Маковым семенем его поили, от фельдшера спящих порошков брали, — не спить малое дитя. Как был я у них близким человеком, показали мне младенца. Посмотри, говорят, Федор, — это я Федор-то. Посмотрел и чуть сам не восплакал. Исхудало дитя, как былиночка, а глаза такие большие, что у взрослого, потому много он уже в бессонные ночи своей ангельской думы передумал. Спортили человека ни за грош, ни за копейку!
— Долго так было, только раз приехал к моему хозяину из пригорода шерстобит.
— Это, говорит, не иначе, как сглаз, и дело это плевое, только надо вам одного знакомого татарина позвать. Такая ему сила дадена, чтобы порчу сымать и зубную скорбь заговаривать, Сам я, милостивцы и благодетели, за этим татарином ездил, — недалече под Касимовым жил. Татарин, как татарин. Голова бритая и в ермолке, лицом скуласт, на слова вельми не щедр. Жил в конуре невеликой, а кормился куплей да продажей старья разного. Спрашиваю его, может-ли помочь. «Я, говорит, наперед этого сказать не могу, а Бог не без милости живет, — поедем». Поехали. Осю дорогу почти молчком ехали. Он про свое думает, а я про то, как это всякий человек своим богом живет, и ладно выходит.
«Вот оно»! говорит.
Как приехали, посмотрел он младенца, чаю с хозяевами испил. Потом просит его одного в комнате оставить. «Мне, говорит, теперь помолиться надо». Будем так говорить, недолго молился, — всего каких-нибудь минут пять. «Дайте мне, — говорить, — теперь ножик». Переглянулись, одначе, дали ему. «Покажите мне, — говорит, — на чем ваше дите спить» Взял его тюфячок, прорезал, запустил туда руку. Смотрим, — ухмыляется. «Вот оно, говорит!» И смотрим, — у него в руках клок рыжей некой шерсти, как ежели бы от пса кудластого. «Оно, — говорит, — самое и есть. Затопите, — говорит, — печку», и, как только полено загорелось, своей рукой этот клок в огонь бросил. «Ну, — говорить, — теперь с Богом, живите да не тужите, а коли занадобится старую шубу продать, али новую шапку купить, так и меня не забывайте. А дите больше молоком пойте».
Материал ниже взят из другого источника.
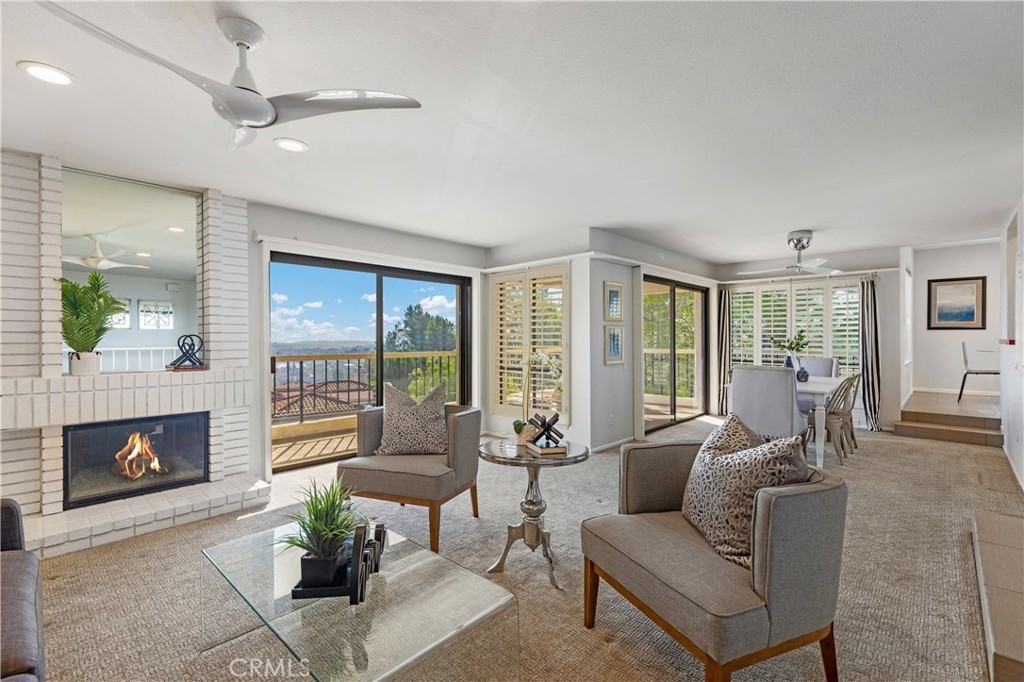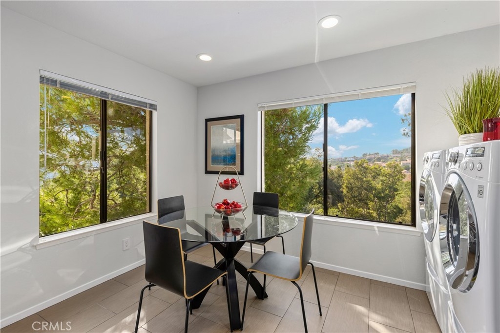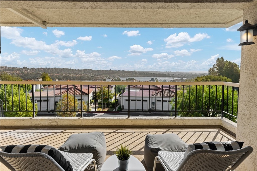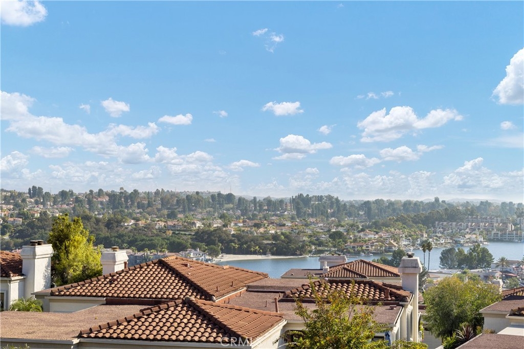 Take in the spectacular PANORAMIC Lake Mission Viejo and Saddleback Mountain views from almost every window of this remodeled Mallorca condo. Perched at the top of the community, this contemporary home offers many custom features. Enjoy the view from the sleek kitchen that offers custom white cabinetry with clean straight lines, soft close drawers/doors, and a glossy surface for easy cleaning. Rich red quartz counters and stainless steel micro-tile backsplash give the kitchen a pop of color and a modern feel. LG stainless steel appliances, including the refrigerator, along with a pantry cabinet with pull-out drawers complete the space. Bright and airy breakfast nook offers views of the surrounding lush pine trees and conveniently includes the washer and dryer (also included). Spacious family room, with cozy white brick fireplace, and dining room both offer balcony access through large sliding glass doors. Enjoy your morning coffee or dine al fresco on the balcony while enjoying the lake view. You will be lulled to sleep as you gaze at the city lights that reflect off the lake from the tranquil primary bedroom suite. Primary bathroom offers large walk-in shower designed with black and white tile detailing and frameless shower enclosure, dual sinks with white quartz counters, raised porcelain sinks, contemporary fixtures, and individual adjustable vanity mirrors. The open design custom closet organizer allows for the greatest use of space and storage options. The side hallway leads to the secondary bedroom with walk-in closet. The hall bathroom reflects the primary bathroom design with white quartz counters, raised porcelain sink, contemporary sink fixture, and adjustable vanity mirror. Other custom features include recessed lighting and updated outlets in the kitchen and bathrooms, modern ceiling fans; new HVAC system and thermostat installed in 2018. Mallorca is a 24 hour guard-gated community with facilities that include two pools, private lake and beach access with picnic tables and restrooms. Enjoy Lake Mission Viejo privileges and activities year round.

Что ж бы вы думали, Христовы любимцы? С той самой ночи стал младенец спать за троих, недельки через две тощенькия щеки заалели, а теперича прешустрый из него мальчёнка вышел и прездоровый, да, правду сказать, и не в кого ему хворым быть. Вся семья надиво здоровая…
Я ясно помню весь рассказ до этого мгновенья, но уже за спиной моей стоял сон, вырывающий действительность из сознания людей, как вырывает человек листы из книги.
Я заснул вдруг и сладко, как только замолк журчащий голосок рассказчика, и спал так, сидя и упершись спиною в угол, целых три часа, пока на бесшумных крыльях летела над степью черная ночь.